The virtuosity here was demonstrated when he got to "Clair de lune" in Debussy's Suite bergamasque. The sound was remarkably, and consistently, light and hazy despite the clarity of the touch. Though each note was distinct, the feel was entirely impressionistic.

Elsewhere in the suite, and in the far more harmonically murky L'isle joyeuse, Kramer made the most of Debussy's occasional excursions into rhythmic melodism. That's the inevitable, and highly welcome, result of his emphasis on articulation.

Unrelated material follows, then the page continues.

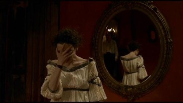 Car il ne pouvait s’agir de simplement illustrer la nouvelle de manière redondante ni d’en dérouler l’intrigue de manière platement chronologique sous la forme d’un quelconque téléfilm en costumes. Il fallait la traduire, en portugais d’abord, en supprimant au passage la foule d’adjectifs qualificatifs* si caractéristiques de la prose française du XIXème siècle et en introduisant des éléments venus d’ailleurs (une citation de Camões par exemple) ; la mettre à distance en faisant intervenir une figure de narrateur et en insérant le récit-cadre dans un cadre supplémentaire (le magazin d’accessoires du studio de cinéma), en ajoutant des témoins (saisissante apparition muette de la grande Isabel Ruth en vieille dame assise dans une taverne puis se levant et s’approchant des personnages qui discuttent à une table sans même remarquer sa présence) ; en faisant explorer par la camera d’extraordinaires plans-tableaux parcourus, sur fond de toile peinte, de déplacements savamment orchestrés (hommes et animaux traversant l’écran en tous sens, sortant par exemple par l’avant !) ; en obtenant du virtuose Acácio de Almeida des couleurs étonnantes (la robe jaune) et de Joachim Pinto un contrepoint sonore recourant de manière inattendue, et totalement convaincante, aux oeuvres des compositeurs de l’Ecole de Vienne (Schoenberg transcrivant, c’est à dire traduisant Bach ; Berg ; Webern ; mais aussi Grieg ou un air du dix-septième siècle, non moins anachronique, d’Etienne Moulinié).

Another large portion of the program was given over to Liszt: late Liszt, pieces you rarely hear: transcriptions of two orchestral pieces from his enormous oratorio Christus, a cradle song and the march of the Three Kings. The former was a quiet piece filled with shining light, and the latter jutted formally until succeeded by a more rhapsodic middle section and ending with big shifting chords.

There was also a piece by Scriabin, played straight, as far as I could tell, without the rhythmic irregularity which tends to bring this composer alive for me. That would be alien to Kramer's performing style. The program said the piece was the Sonata No. 2, but I think it was probably something else. (I'm not a Scriabin expert by any means.)

But the music I was really there to hear was Schubert's Wanderer Fantasy, a favorite piece that received about as clearly-shaped and finely-chiseled a performance as it's ever likely to get. Had Kramer put out road signs, he could not have communicated the shape and direction of this music any more clearly. His ability to play loud and dramatic passages forcefully yet without distortion or abandon, then turn the same controlled style to softer and gentler ends in other passages, assisted but did not fully explain his command over this large meandering work's form. The thunderous conclusion wrapped the concert up with a bang.